If, due to the nature of the issue you have encountered, you are unable to run this command, please add a comment stating that fact and change the bug status to 'Confirmed'.

This change has been made by an automated script, maintained by the Ubuntu Kernel Team.

Changed in linux (Ubuntu):
status: New → Incomplete
Revision history for this message
Mario Limonciello (superm1) wrote :

> [ 5.134271] kernel: [drm:detect_link_and_local_sink [amdgpu]] *ERROR* No EDID read.
> [ 5.322247] kernel: [drm:detect_link_and_local_sink [amdgpu]] *ERROR* No EDID read.
> [ 5.510230] kernel: [drm:detect_link_and_local_sink [amdgpu]] *ERROR* No EDID read.

Is this connected to a KVM? The lack of reading the EDID is concerning.

> UBSAN warnings could be a red herring. They've added a compiler flag that complains about flexible arrays if they're declared incorrectly (false positive). Will take a look tomorrow.

Yeah I agree they're probably a red herring. The actual issue is that UVD IP block fails to init due to a timeout.

[ 6.025262] kernel: amdgpu 0000:01:00.0: [drm:amdgpu_ring_test_helper [amdgpu]] *ERROR* ring uvd test failed (-110)
[ 6.025511] kernel: [drm:amdgpu_device_ip_init [amdgpu]] *ERROR* hw_init of IP block <uvd_v6_0> failed -110
[ 6.025661] kernel: amdgpu 0000:01:00.0: amdgpu: amdgpu_device_ip_init failed
[ 6.025663] kernel: amdgpu 0000:01:00.0: amdgpu: Fatal error during GPU init
[ 6.025737] kernel: amdgpu 0000:01:00.0: amdgpu: amdgpu: finishing device.

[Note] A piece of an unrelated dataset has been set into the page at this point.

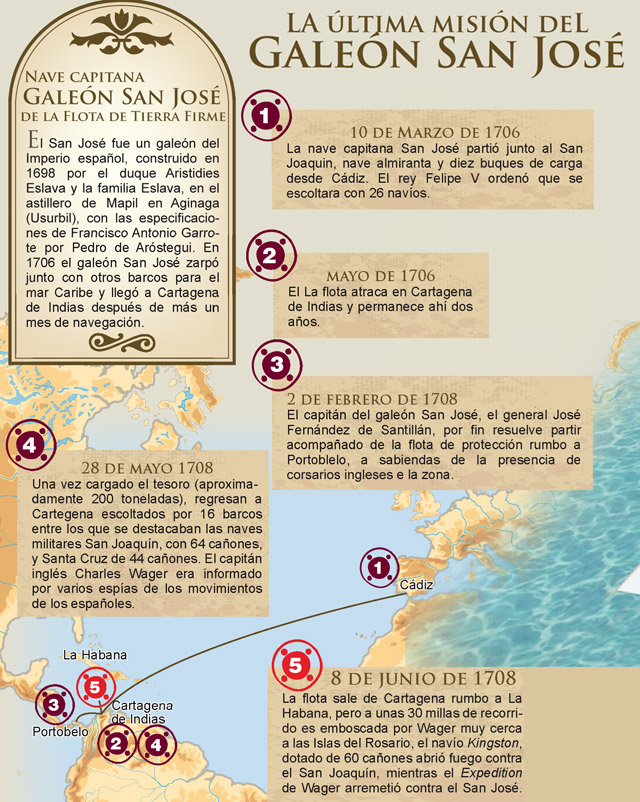 El San José era la principal nave de los galeones españoles. Esta embarcación formaba parte de los galeones que hacía la llamada “carrera de las Indias”, trayendo mercancía de Europa para las ferias de Portobelo (Panamá) y la de Jalapa (México). Cuando realizaba su viaje de regreso al viejo continente, cargaba la plata de las minas de Potosí y demás oro de los impuestos españoles en América.
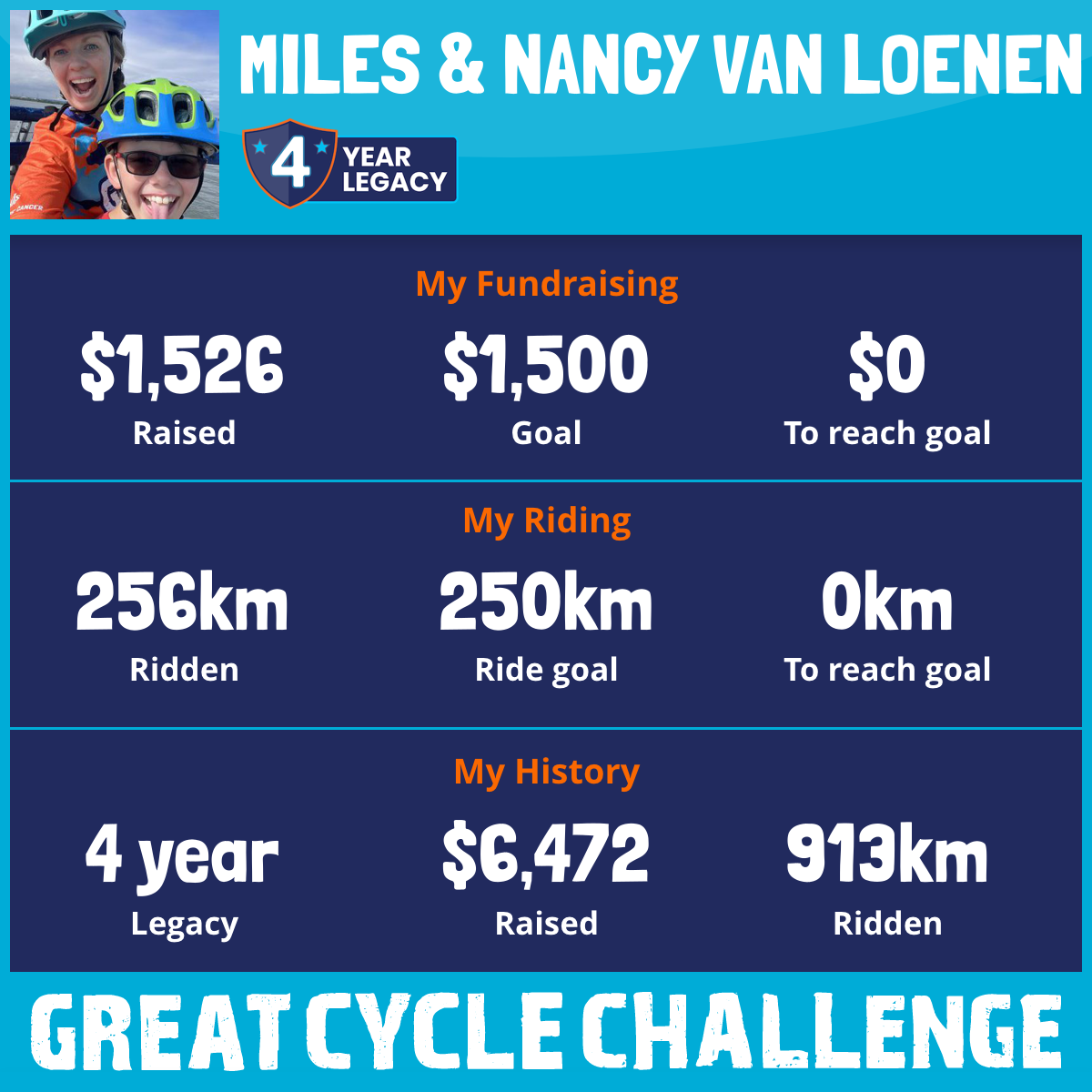 So far, we’ve logged 143 km and raised $1,176. Proud of Miles, grateful for the support, and excited to keep pedaling toward the finish line. Please share our mission with others!

As a potential workaround (this isn't a solution), you might be able to skip the uvd_v6_0 IP block init.
To do this you need to look up which IP block number it is which is from your logs:

[ 4.836457] kernel: [drm] add ip block number 0 <vi_common>
[ 4.836458] kernel: [drm] add ip block number 1 <gmc_v8_0>
[ 4.836459] kernel: [drm] add ip block number 2 <tonga_ih>
[ 4.836459] kernel: [drm] add ip block number 3 <gfx_v8_0>
[ 4.836460] kernel: [drm] add ip block number 4 <sdma_v3_0>
[ 4.836461] kernel: [drm] add ip block number 5 <powerplay>
[ 4.836462] kernel: [drm] add ip block number 6 <dm>
[ 4.836462] kernel: [drm] add ip block number 7 <uvd_v6_0>
[ 4.836463] kernel: [drm] add ip block number 8 <vce_v3_0>

Then you can add "amdgpu.ip_block_mask=0xffffff7f" to your kernel command line to skip IP block 7 (uvd_v6_0).

If that helps the issue then it does confirm the out of bounds check is a red herring and the real issue is the uvd stuff. I'd like to see data points for those other kernels I suggested to narrow down when this problem started.

Revision history for this message
Timo Aaltonen (tjaalton) wrote (last edit ):

Yes it's a KVM of sorts.. But apparently this did work before, so a rough bisect with mainline builds will be conducted.

Changed in linux (Ubuntu):
status: Incomplete → Confirmed
Revision history for this message
Paolo Gentili (pgentili) wrote :

The setup involves a custom KVM indeed, I'll attach the EDID file involved in this setup.

I tested everything as requested, no luck unfortunately. The working configuration, which I've now replicated, is involving the OEM image for Ubuntu 20.04 with which the device has been certified.

Please find attached every collected dmesg and the EDID file.

Revision history for this message
Mario Limonciello (superm1) wrote :

> dmesg-ip-block-mask

[ 6.150330] kernel: amdgpu 0000:01:00.0: [drm:amdgpu_ring_test_helper [amdgpu]] *ERROR* ring vce0 test failed (-110)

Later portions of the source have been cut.